Productivity

Help! I’m Drowning In Email!

During July, I am going to answer some questions from readers about specific problems they are having with their productivity systems.

Help! I am drowning in email!

Email usage is out of hand these days. Too much gets sent around to too many people. [inlinetweet prefix=”” tweeter=”” suffix=””]Is it any wonder that very few people have “inbox zero”[/inlinetweet]?

Here are some basic tips to help you dig your way out of the pile.

Take Stock

You have to know what you are dealing with before you can take any concrete action. What’s in your inbox? Is it stuff you haven’t looked at? Or is it stuff you have already dealt with but you are waiting on a reply? Or is it stuff you looked at but didn’t have time to do right then so it has just sat?

Look through your inbox and estimate how many of the types of emails above you have.

Backlog It

Now comes the scary part. You are going to backlog everything. Take the stuff that is in there now and move it out of sight. Don’t worry about this – you will get to it eventually.

You will now be dealing with email that comes in, and working on your backlog as you can.

Set Up Folders/Labels

The next thing you will need to do is set up folders or labels for your email to reside in. There are three types of emails: those that you need to act on (including waiting for a response); those that belong to projects you are actively working on; and those that you need to keep, but may not need very often.

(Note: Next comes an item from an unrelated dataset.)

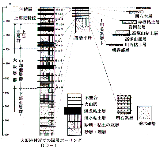 大阪平野(千里丘陵、泉南丘陵など) では、大阪層群の中に10数枚の海成粘土層がみつかっています。大阪港ふきんで掘られたボーリング調査でもそのことは確かめられています。

I set up three high-level folders for this: Action, CurrentProjects and Reference.

Under each of these I classify things more distinctly. For instance, the Action folder has sub-folders corresponding to the action needed. This means there are folders for Reply; Read; WaitingFor; and TakeAction. CurrentProjects has a folder for each of the things I am working on. Reference is there to help me find things easily later on; for instance, there is a TaxReceipts folder where I put all tax receipts.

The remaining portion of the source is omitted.